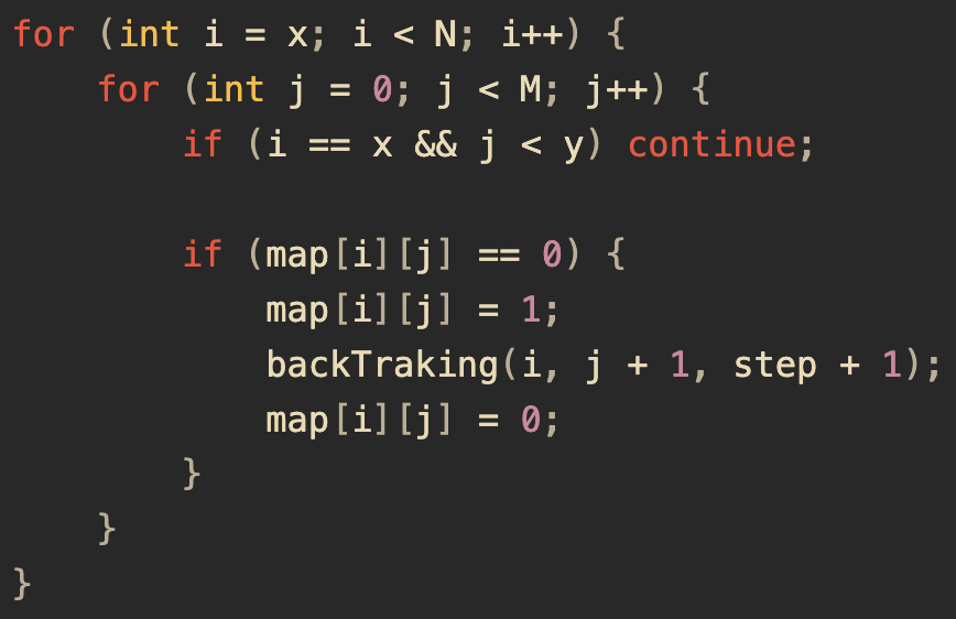 헷갈려서 이전에 뽑은 좌표를 주지 않고, 늘 (0, 0) 부터 탐색하게 했더니 시간이 거의 두 배가 들었다.
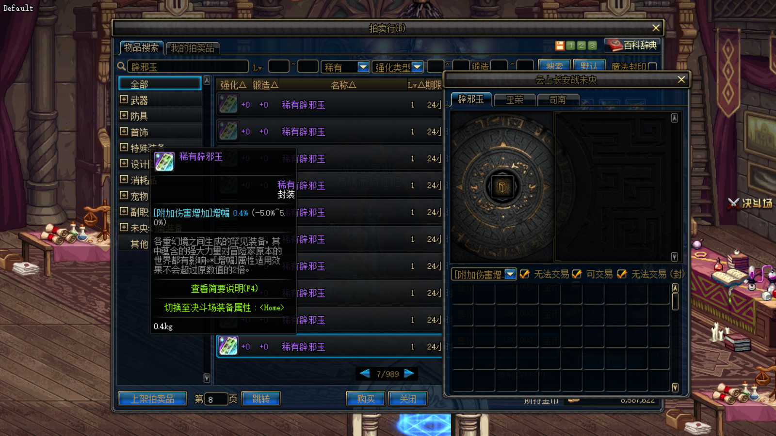 第三步:拍卖行输入辟邪玉并搜索,此时可以看到辟邪玉都是暗的,然后翻页看到亮起来的辟邪玉就是你想要的属性了。
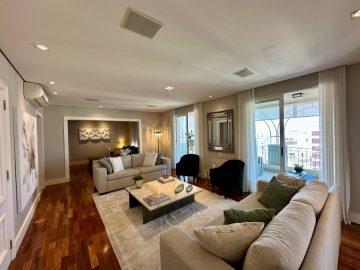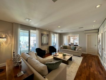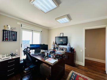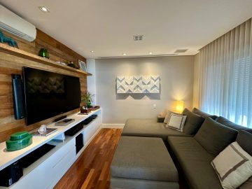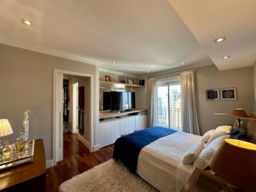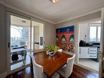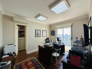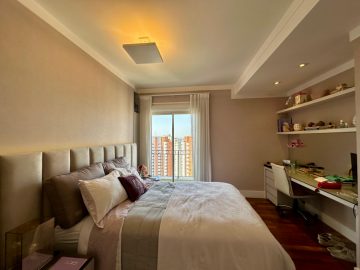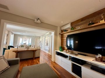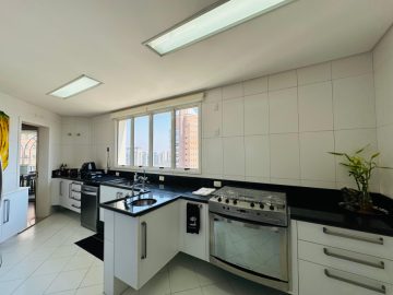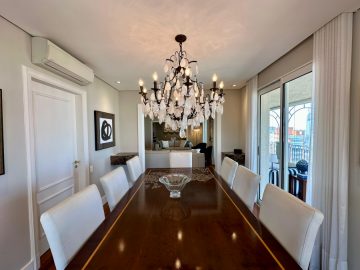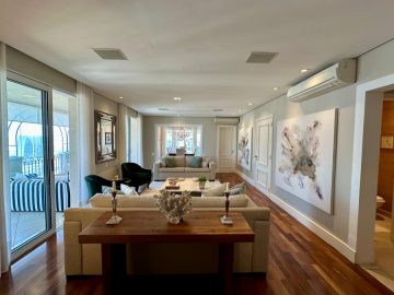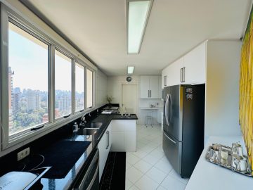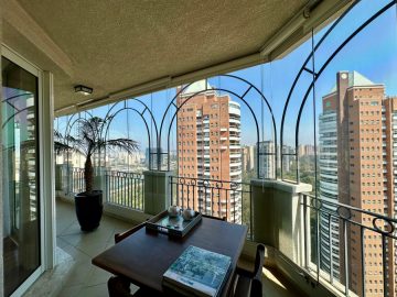 Ampla varanda toda envidraçada, sala com 2 ambientes, lavabo, a r condicionado, armários embutidos, cozinha planejada, despensa, área de serviço, dormitório de serviço e banheiro de serviço..

> **ABOUT THIS EXERCISE**: Would you output the full listing exactly as it stands, minus the images?

> **WRITTEN RESPONSE**:
 헷갈려서 이전에 뽑은 좌표를 주지 않고, 늘 (0, 0) 부터 탐색하게 했더니 시간이 거의 두 배가 들었다.
 第三步:拍卖行输入辟邪玉并搜索,此时可以看到辟邪玉都是暗的,然后翻页看到亮起来的辟邪玉就是你想要的属性了。
 Ampla varanda toda envidraçada, sala com 2 ambientes, lavabo, a r condicionado, armários embutidos, cozinha planejada, despensa, área de serviço, dormitório de serviço e banheiro de serviço..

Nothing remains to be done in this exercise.